ユーザーがアンビエント デバイスを設定し、Google フォトでメディアソースを選択すると、アプリはそれらのメディア アイテムを一覧表示して取得し、表示できるようになります。
始める前に
- デバイスのセットアップを確認する: ユーザーのデバイスを作成して構成していることを確認します。
- Ambient API フローを理解する: Ambient API フローを確認して、プロセス全体、特に
mediaSourcesSetのポーリングを含むステップを理解します。
mediaSourcesSet のアンケート
デバイスのメディア アイテムを一覧表示するには、ユーザーが Google フォトアプリ内で、アプリと共有する写真を選択している必要があります。アプリは、この選択が行われたタイミングを判断するために、デバイスをポーリングする必要があります。
特定の deviceId の devices.get メソッドを定期的に呼び出します。

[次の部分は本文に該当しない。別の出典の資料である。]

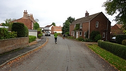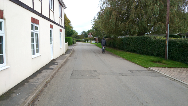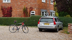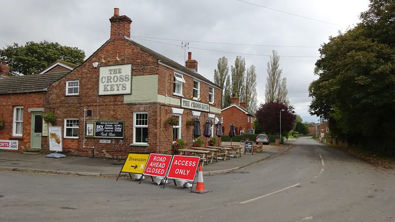 Het begint toch zachtjes te regenen en we lopen door. Ik kijk op de kaart en besluit dat bij een bepaalde kruising rechtdoor en linksaf het snelste is, maar S. is eigenwijs en zegt dat als we linksaf slaan we sneller bij de pub zijn. Nee dus maar ik loop en loop en zeg dat hij maar ast door moet fietsen om de fiets op het dak te zetten. Als ik dan uiteindelijk rechtsaf mag slaan richting de pub, moet ik inderdaad slingerend het hele dorp nog door en blijkt de route van S dus niet sneller. Maar het regent gelukkig niet hard en de auto is nu dichtbij.

AmbientDevice レスポンスの mediaSourcesSet フィールドをモニタリングします。最初は false になります。ユーザーがメディアソースを正常に選択すると、このフィールドは true に変わります。
AmbientDevice レスポンスには、ポーリング頻度のガイドラインとして使用する pollInterval を含む pollingConfig が含まれています。
メディア アイテムの一覧表示
デバイスの mediaSourcesSet が true になったら、ユーザーが選択したメディア アイテムの取得を開始できます。
mediaItems.listエンドポイントを使用する:https://photosambient.googleapis.com/v1/mediaItemsに GET リクエストを送信し、パスにdeviceIdを指定します。ページネーションを処理する(必要な場合): レスポンスがページネーションされている場合があります。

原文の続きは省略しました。